Lembaga Apa Yang Mengawasi Produksi Obat Milik TNI?. Pada 12 Agustus 2025, perhatian publik tertuju pada produksi obat-obatan oleh Lembaga Farmasi (Lafi) Tentara Nasional Indonesia (TNI), yang kini semakin digalakkan untuk mendukung kemandirian farmasi nasional. Langkah ini menjadi sorotan karena melibatkan institusi militer dalam sektor kesehatan, khususnya melalui program Koperasi Desa Merah Putih (KDMP). Namun, siapa yang memastikan obat-obatan ini aman dan berkualitas? Lembaga pengawas memainkan peran krusial dalam proses ini. Apa lembaga tersebut, mengapa pengawasan penting, dan apa risiko jika diabaikan? Berikut ulasan lengkapnya. BERITA LAINNYA
Lembaga Apa Yang Mengawasi Obat Milik TNI?
Badan Pengawas Obat dan Makanan (BPOM) adalah lembaga yang bertanggung jawab mengawasi produksi obat-obatan milik TNI. BPOM, sebagai otoritas nasional di bidang pengawasan obat dan makanan, memastikan bahwa setiap produk farmasi, termasuk yang diproduksi oleh Lafi TNI, memenuhi standar keamanan, kualitas, dan khasiat. Lafi TNI, yang terdiri dari Lembaga Farmasi Angkatan Darat (Lafiad), Angkatan Laut (Lafial), dan Angkatan Udara (Lafiau), telah menghasilkan 88 jenis obat, seperti Fimol (paracetamol) dan Cefalaf (antibiotik), yang semuanya harus mendapatkan Sertifikat Cara Pembuatan Obat yang Baik (CPOB) dan Nomor Izin Edar (NIE) dari BPOM. Pengawasan ini mencakup pemeriksaan fasilitas produksi, bahan baku, hingga distribusi untuk memastikan kepatuhan terhadap regulasi.
Kenapa Produksi Obat Tersebut Harus Diperhatikan?
Produksi obat oleh TNI harus diawasi ketat karena menyangkut kesehatan masyarakat dan prajurit. Obat-obatan yang diproduksi Lafi TNI tidak hanya digunakan untuk kebutuhan internal militer, tetapi juga didistribusikan ke masyarakat melalui gerai apotek KDMP. Pengawasan BPOM memastikan bahwa obat seperti Ponstal (anti-nyeri) atau Cefalaf aman untuk konsumsi publik, bebas dari kontaminasi, dan memiliki dosis yang sesuai. Selain itu, keterlibatan TNI dalam produksi obat merupakan langkah strategis untuk mengurangi ketergantungan pada impor, yang saat ini mencapai 94% untuk bahan baku obat. Pengawasan ketat juga penting untuk menjaga kepercayaan publik terhadap produk TNI, terutama di tengah kekhawatiran tentang potensi penyalahgunaan wewenang militer di sektor sipil.
Apa Jadinya Jika Produksi Tersebut Tidak Diperhatikan?

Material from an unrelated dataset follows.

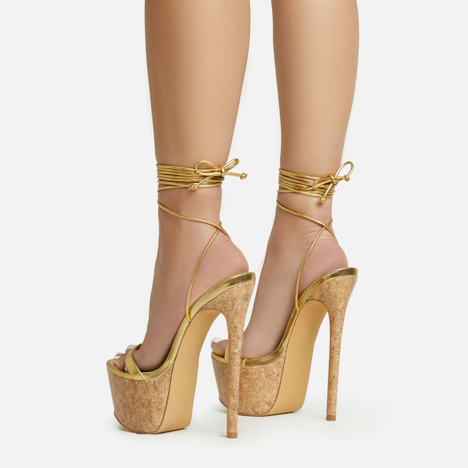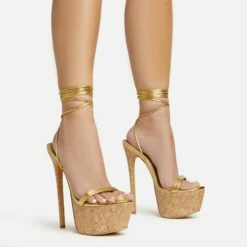 These heels are sure to make the crowd stop and stare doll. Featuring a gold faux leather material, a cork platform, a stiletto heel and a lace-up design.

Jika produksi obat TNI tidak diawasi dengan baik, risikonya sangat besar. Obat yang tidak memenuhi standar CPOB berpotensi menyebabkan efek samping berbahaya, seperti reaksi alergi, keracunan, atau bahkan kegagalan pengobatan. Misalnya, dosis yang salah atau kontaminasi bakteri bisa membahayakan nyawa konsumen. Selain itu, tanpa pengawasan ketat, distribusi obat melalui KDMP bisa memicu peredaran produk ilegal atau palsu, merusak kepercayaan masyarakat terhadap TNI dan pemerintah. Kurangnya pengawasan juga berisiko menimbulkan konflik kepentingan, terutama karena TNI bukan pelaku utama di industri farmasi. Hal ini bisa memicu kritik tentang militerisasi sektor sipil, sebagaimana diungkapkan beberapa pakar yang meminta batasan jelas peran TNI dalam produksi obat.
Kesimpulan: Lembaga Apa Yang Mengawasi Produksi Obat Milik TNI?

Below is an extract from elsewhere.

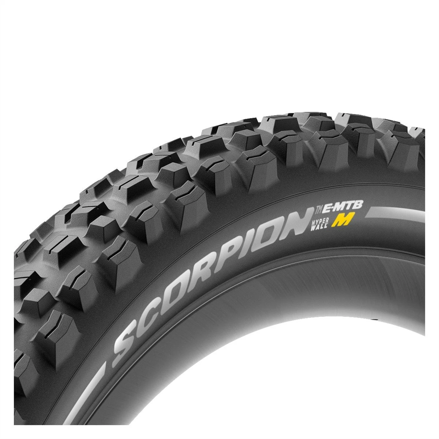 The Scorpion(TM) E-MTB tyre offers different tread patterns for different terrain conditions, from M (mixed), S (loose and soft) and R (rear specific) developed to offer a complete range of high performing tyres for daily abuse generated by electric motors. Developed to withstand the rigors of modern e-bikes, where torque is getting higher and higher, the Scorpion(TM) E-MTB range delivers grip and reliability where it matters. The patented HyperWALL(TM) construction provides the reliability of a DH tyre without the weight penalty, while the proprietary SmartGRIP Gravity Compound delivers grip on both dry and wet conditions as well as superior resistance to tearing thanks to the patented and sustainable chemical component called Lignin. Performance that lasts for the entire lifespan of the tyre, even when worn down.

Pengawasan produksi obat milik TNI oleh BPOM menjadi kunci untuk memastikan keamanan dan kualitas produk yang menjangkau masyarakat melalui Koperasi Desa Merah Putih. BPOM menjamin bahwa obat-obatan seperti Fimol dan Cefalaf memenuhi standar, mendukung upaya kemandirian farmasi nasional. Pengawasan ini penting untuk mencegah risiko kesehatan dan menjaga kepercayaan publik, sementara tanpa pengawasan ketat, bahaya seperti obat cacat atau penyalahgunaan wewenang bisa muncul. Langkah TNI dalam produksi obat adalah terobosan, tetapi harus diimbangi dengan pengawasan ketat untuk memastikan manfaatnya dirasakan tanpa menimbulkan masalah baru.